For this tofu version, I thinly slice or peel my extra firm tofu and marinate the thin slices of tofu overnight in a sweet, tangy and savory marinade.
After marinating, I fry them in oil in a non-stick pan until crispy around the edges. The sauce also reduces and is better absorbed by the pieces of tofu. I serve mine with fried garlic rice, diced tomatoes and vinegar seasoned with red onion and chile.

This is tofu tapa
- Inspired by the Filipino Beef Tapa
- Marinated in a sweet-savory sauce with the tanginess of calamansi or Philippine lime juice.
- Easy to prepare
- Full of flavor
- Great for making large batches!


Ingredients you will need
tofu
- 23 oz extra firm tofu or tokwa
MARINADE
for cooking
to serve
How to make this Tofu Tapa
Prepare the tofu
- Drain the tofu from the water and pat-dry or press. See notes for tips on choosing extra firm tofu.
- Thinly slice the tofu using a peeler or shred with a knife.

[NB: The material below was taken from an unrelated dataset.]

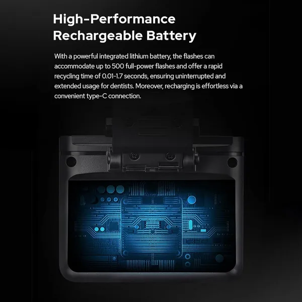 - Built-in rechargeable lithium battery with 500 full-power flashes

Small broken pieces are perfectly fine for different textures!
- Note that some tofu can crumble easily so if this is the case it may be best to thinly slice the tofu instead of peeling it.




Marinade/Sauce
- Add all marinade/sauce ingredients to a small bowl or measuring cup. Mix until all the sugar is dissolved. Feel free to adjust the marinade to your desired taste.






Marinate the tofu
- In a large bowl, place several layers of thin slices of tofu. Pour some of the marinade over the tofu.
- Put a few more layers of tofu and then pour some marinade again. Repeat this until all the tofu is submerged in the marinade. I like to pour the excess marinade from the container back into a measuring cup and use that to pour over the tofu to make sure everything is submerged.
- Leave the tofu to marinate in the refrigerator at least overnight for best flavor.






Cook the tofu
- You can cook the marinated tofu in batches and marinate the rest in a container for up to 5 days, as long as it’s refrigerated.
Pan-frying
- Check out the air-frying option below.
- Heat a large non-stick pan or wok over medium heat. Add plenty of oil to prevent the tofu from drying out.
- Once hot, lay out a few strips of tofu. Cook the tofu for 3 minutes on each side or until it begins to crisp around the edges and start to dry out. Flip the tofu and repeat on the other side.
- Pour some of the remaining marinade over the tofu and allow the sauce to evaporate.
- Be sure to keep an eye on the tofu as it burns easily from the sugars in the sauce.
- When the tofu is cooked to your liking, remove it from the pan.






Air-frying
- If air-frying, you can line the air fryer basket with some parchment paper to prevent sticking.
- Place a few strips of tofu in the air fryer basket. Pour some of the marinade over the tofu. Spray the tofu with some oil.
- Leave the tofu to air fry for 11-13 minutes or until the edges start to crisp and excess marinade has evaporated. Flip halfway through cooking.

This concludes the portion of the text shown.